Entrevista a Gabriella Campbell

Hoy se asoma a este pequeño teatro Gabriella Campbell; bloguera, asesora y

escritora de novelas como El fin de los sueños o Lectores aéreos (De futura reseña en este mismo blog 😉 ). Además de escribir, es autora del blog Gabriella literaria, donde comparte todo tipo de consejos, trucos y una excelente lista de correo.

  • ¿Qué fue lo primero que escribiste?

Lo primero de lo que tengo recuerdo fue un cuento con dibujitos, sobre un águila marrón o algo así. Nada original, pero recuerdo que a mis padres les pareció lo mejor del mundo, como suele ocurrir con los padres. Creo que hasta lo plastificaron, pero no sé qué habrá sido de él.

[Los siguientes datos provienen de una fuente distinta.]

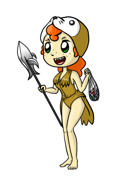 Biana wields a legendary spear, the Flying Fish, which she uses to fly around and surf the waves. She spends most of her time in the water, often in seal form, and can be easily identified because all the seals of her species are extinct. Over the course of several decades, she hunted to extinction the sharks and killer whales in the ocean surrounding her Locus.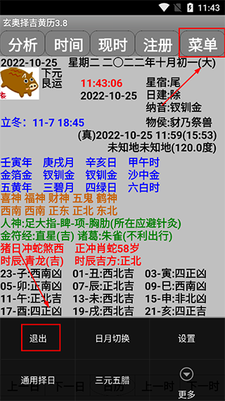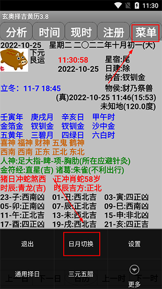4、一天24小时的吉方、吉凶情况、时辰杂占。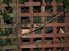 The picture shows it in place behind a lattice panel under the Ivy tree. You can see the cabling hanging down -this will be tucked away tomorrow, when I have completed my checks. While the video and audio leads are connected to the house, the 12v supply is routed from the Blue Tit box where I will be running it via a timer switch to turn it off during the hours of darkness.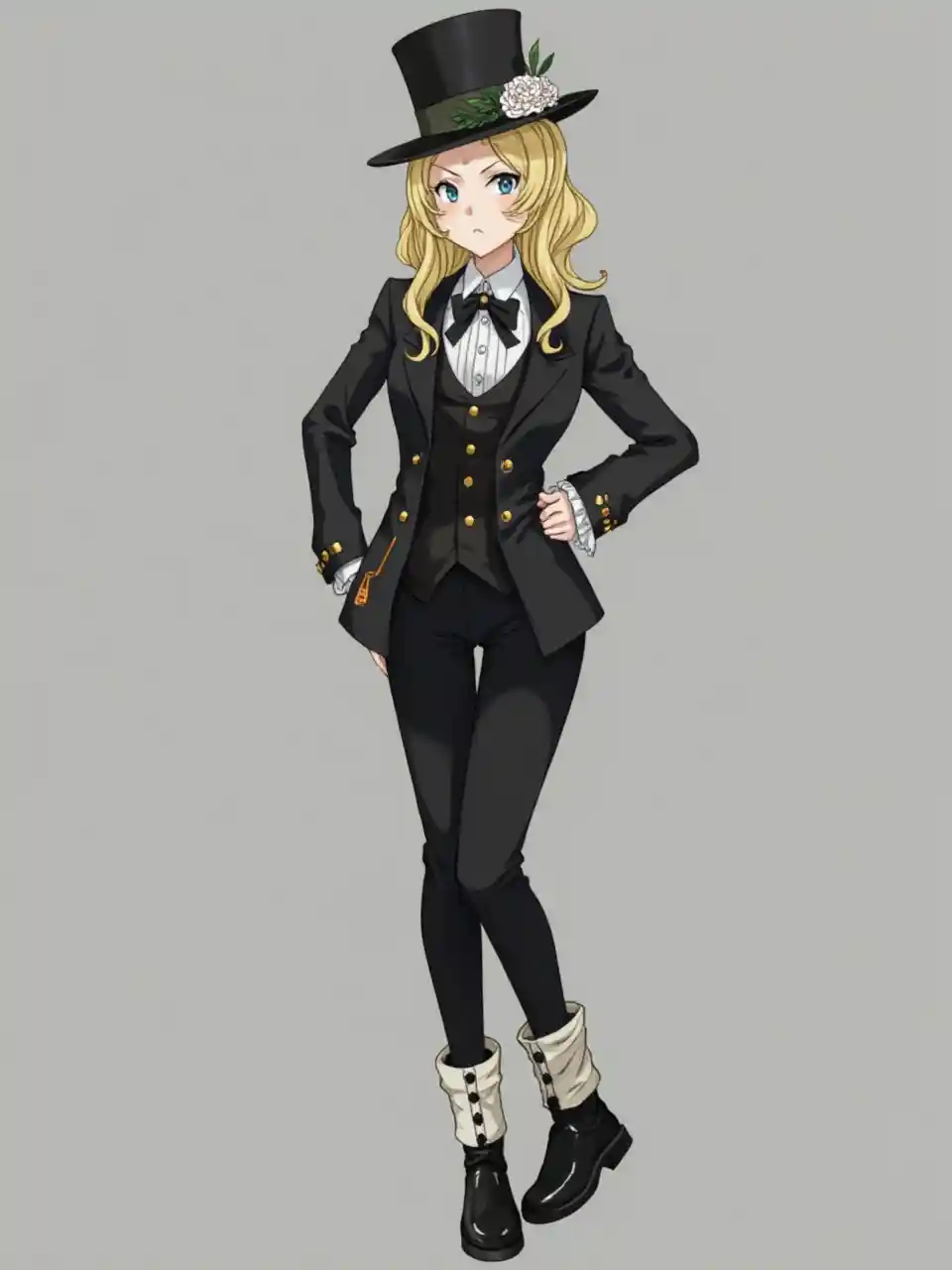Camie Utsushimi de My Hero Academia luciendo un atuendo de mago femenino: chaqueta de traje negra con botones dorados, un chaleco negro, una camisa de vestir blanca con gemelos dorados y pantalones ceñidos negros. En sus pies hay botas de tobillo negras de estilo victoriano con parte superior de tela blanca y cuatro broches de botón negro a lo largo del exterior de cada bota. En su cabeza hay un pequeño sombrero de copa negro con adornos blancos y una rosa blanca. Está de pie con la mano izquierda en la cadera izquierda. En el mismo estilo de arte de My Hero Academia.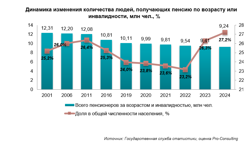 2. Динамика изменения количества людей, получающих пенсию по возрасту или инвалидности, млн чел., %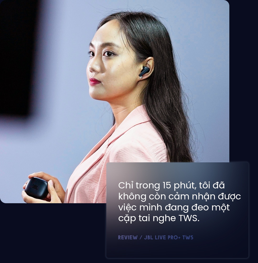 Trải nghiệm 3 giờ đeo liên tục JBL Live Pro+ TWS, tôi không cảm thấy nặng hay cấn tai. Thậm chí, chỉ trong 15 phút, tôi đã không còn cảm nhận được việc mình đang đeo một cặp tai nghe TWS.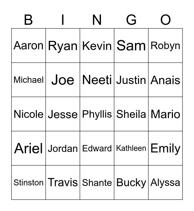This bingo card has a free space and 24 words: Jordan, Travis, Neeti, Stinston, Robyn, Aaron, Michael, Ryan, Sheila, Edward, Justin, Nicole, Kathleen, Emily, Joe, Bucky, Mario, Kevin, Anais, Jesse, Alyssa, Ariel, Sam and Shante.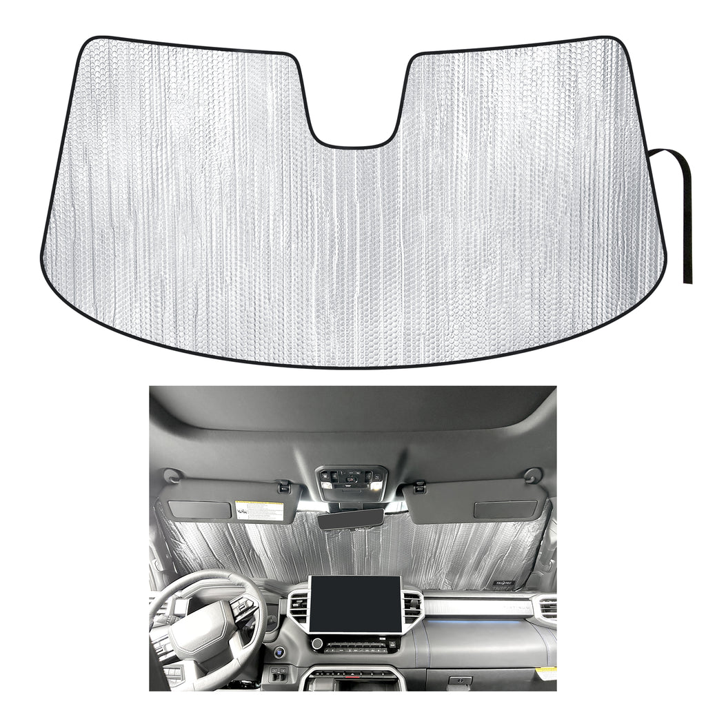 - Easy Installation: Unroll across the dash, bend the sunshade behind the rear-view mirror and flip the sun visors down. To store, simply roll up the sunshade and secure it with the attached velcro strap.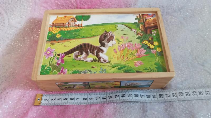 Красочные кубики Bino познакомят малыша с домашними животными. Удобно собирать картинки и хранить кубики в деревянной коробке с крышкой-защелкой. Всего можно сложить четыре картинки. Игра развивает координацию движений, мелкую моторику, внимание, логическое мышление. Набор изготовлен из экологически чистого дерева, окрашенный безопасными яркими и нетоксичными красками. Цена 295грн.стан отличный (к)

  • ¿Fue a partir de ese momento en el que decidiste que querías ser escritora o fue necesario otro tipo de revelación?

Uy, no, tardé muchísimo en decidir eso. Hay gente que lo tiene muy claro desde la infancia, para mí ha sido un proceso convulso que me dirigía en una dirección de la que ni siquiera era consciente. Siempre me gustó escribir y mi familia y profesores me animaban a ello, pero era vaga e indecisa y tampoco entendía la disciplina necesaria para progresar. Pensaba que lo de escribir solo era talento y que yo nunca tendría el talento de los grandes, así que para qué esforzarse.

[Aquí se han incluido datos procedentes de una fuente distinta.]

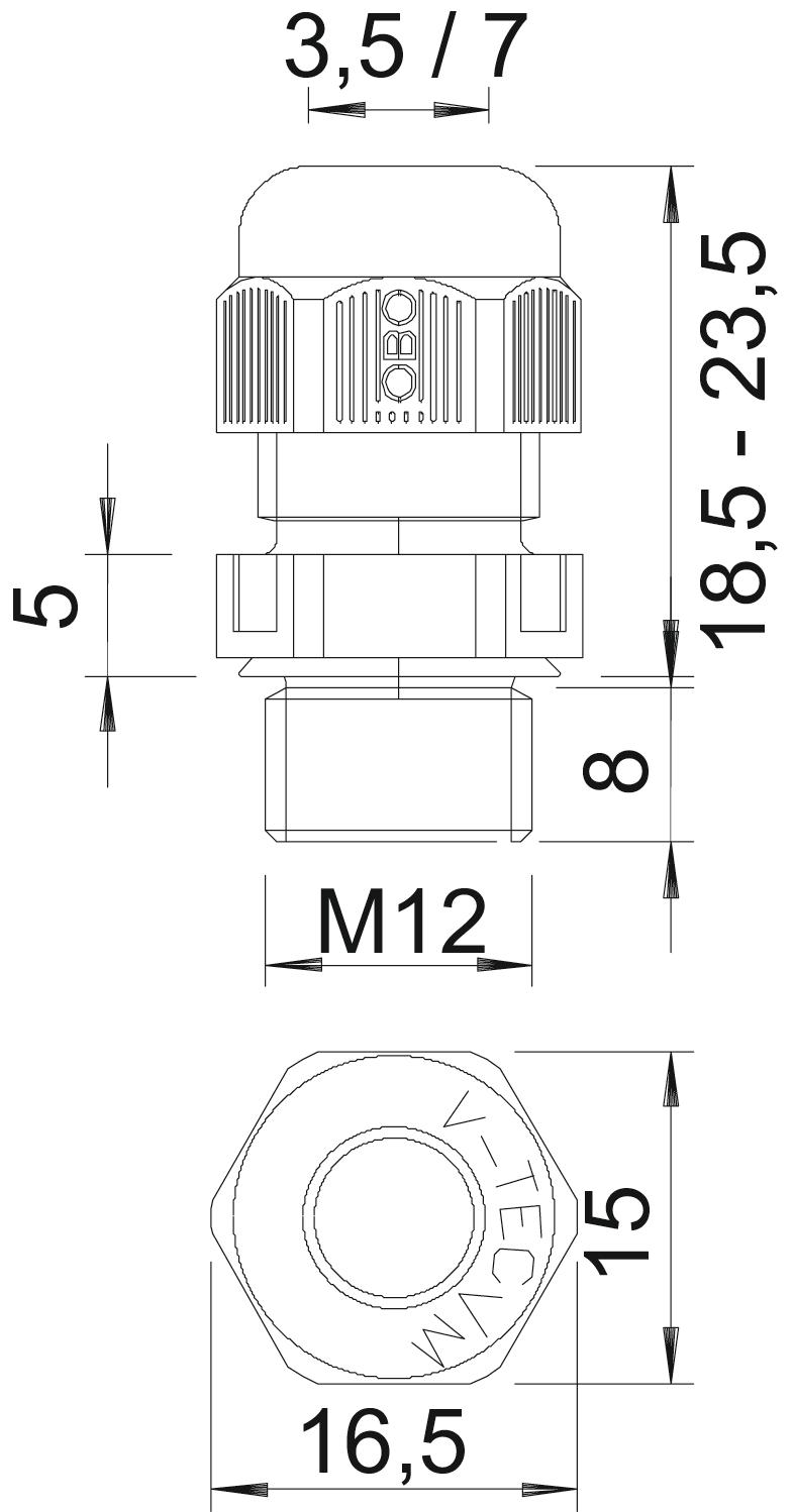 Product descriptionWith metric connecting thread to IEC 423, robust cap nut cable gland with large sealing area. Strain relief, wringing protection and tightness over the whole clamping area. Neoprene sealing ring. Polyamide terminal insert. With pre-mounted O sealing ring on connection thread, VDE-tested to DIN EN 50262, protection rating IP68 at 5 bar for 1 hr, max. permitted ambient temperature -20 to +100°C.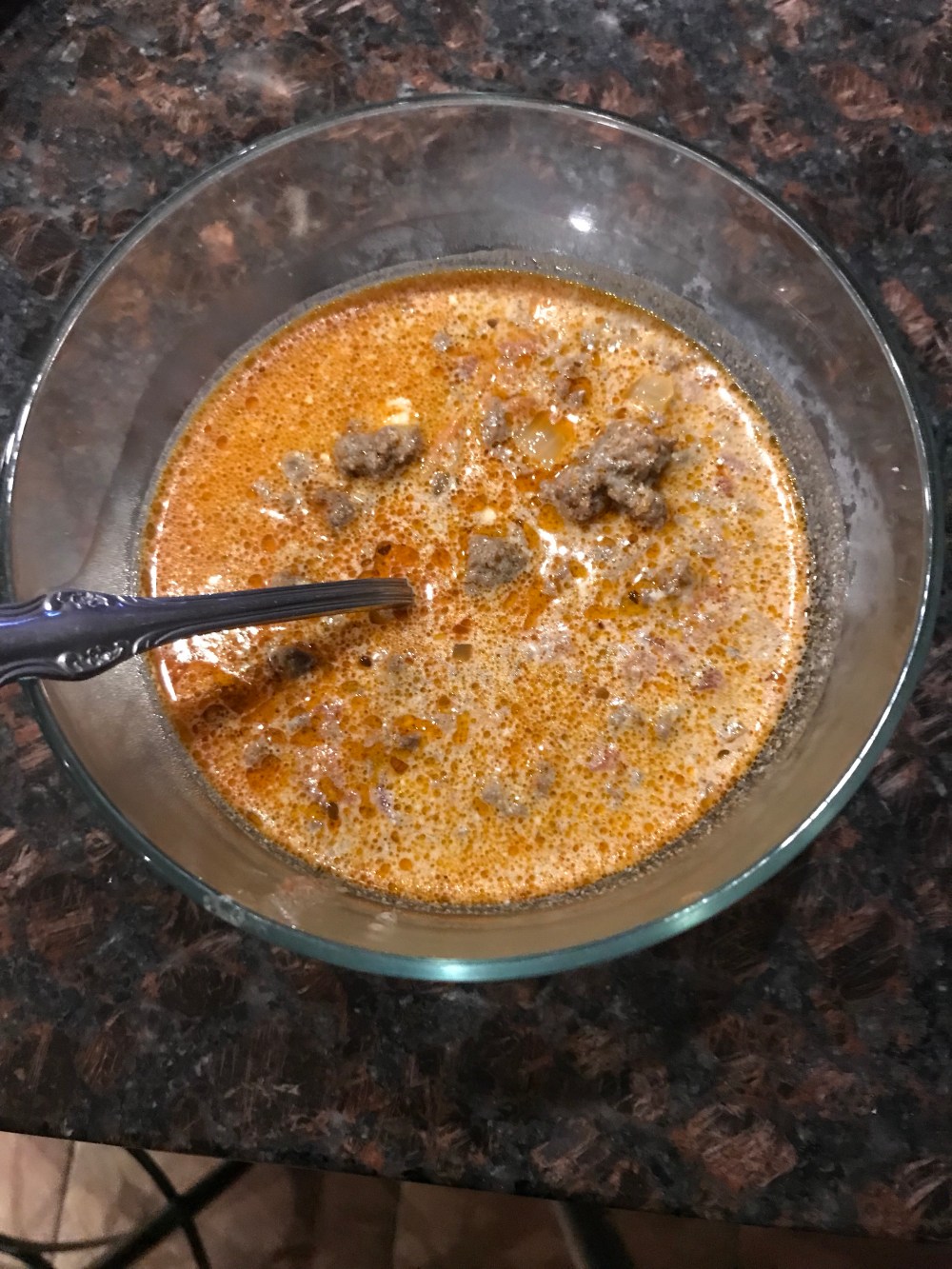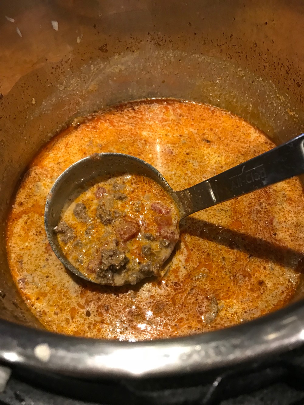 Sauté onion once translucent add garlic and ground beef. Once the ground beef is no longer red add spice. Next add Rotel tomatoes and beef broth. After 30 minutes stir in the cream cheese and yogurt. If you don’t have food allergies sour cream and cream cheese can be used. Salt and pepper to taste.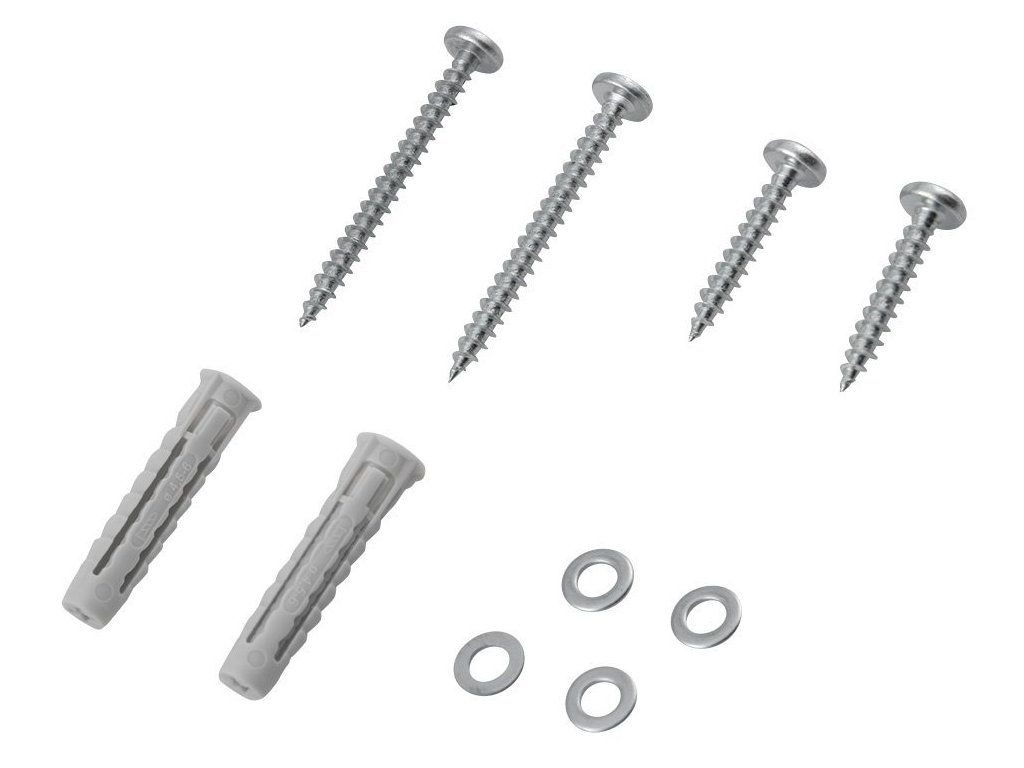 Sada obsahuje 2 hmoždinky, 2 vruty 5 × 50 mm s půlkulatou hlavou, 2 vruty 5 × 30 mm s půlkulatou hlavou a 4 podložky.

Siempre he escrito de un modo u otro, y siempre he trabajado en cosas relacionadas con la lectura y escritura, pero no fue hasta hace tres años que decidí que esto era lo que quería hacer a diario, durante muuucho tiempo y con vistas a algún tipo de profesionalización.

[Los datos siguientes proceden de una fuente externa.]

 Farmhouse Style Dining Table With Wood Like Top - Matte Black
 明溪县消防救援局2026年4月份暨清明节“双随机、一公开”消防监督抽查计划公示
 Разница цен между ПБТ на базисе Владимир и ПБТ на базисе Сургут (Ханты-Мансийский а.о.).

  • ¿Cuáles son los pros y contras que has vivido como escritora?

Más de lo que puedo contar sin aburrir a todos tus lectores, me temo. Creo que el mayor problema (lo que hace que tantos nos rindamos) es el desequilibrio brutal de oferta y demanda (¡todos escribimos!) que hace que este sea un mundo tan competitivo y que ofrezca unas posibilidades de remuneración tan escasas. Escribir, además, exige devoción, obsesión incluso. Creo que tiene que convertirse en una prioridad absoluta si quieres aprender lo bastante como para hacer un trabajo digno.

Pero también tiene ventajas maravillosas. Es un trabajo creativo increíblemente complejo: ver que progresas produce un orgullo tremendo. Y tienes la posibilidad de interaccionar con otras personas que te leen. Que alguien te lea, que quiera compartir un poco de tu extraño mundo interior, es una sensación indescriptible.

Además, el mundo editorial me encanta. Sí, está lleno de porquería y es corrupto hasta las trancas en mil sentidos, pero no puedo evitarlo, me resulta fascinante. Me encanta hablar con editores y otros escritores. Compartimos una pasión extraordinaria, como si tuviéramos una lengua que solo nosotros hablamos.

  • Alguna vez te has encontrado ante la “maldición de la hoja en blanco” o un bloqueo que te impidiera escribir. De ser así, ¿cómo lo superaste?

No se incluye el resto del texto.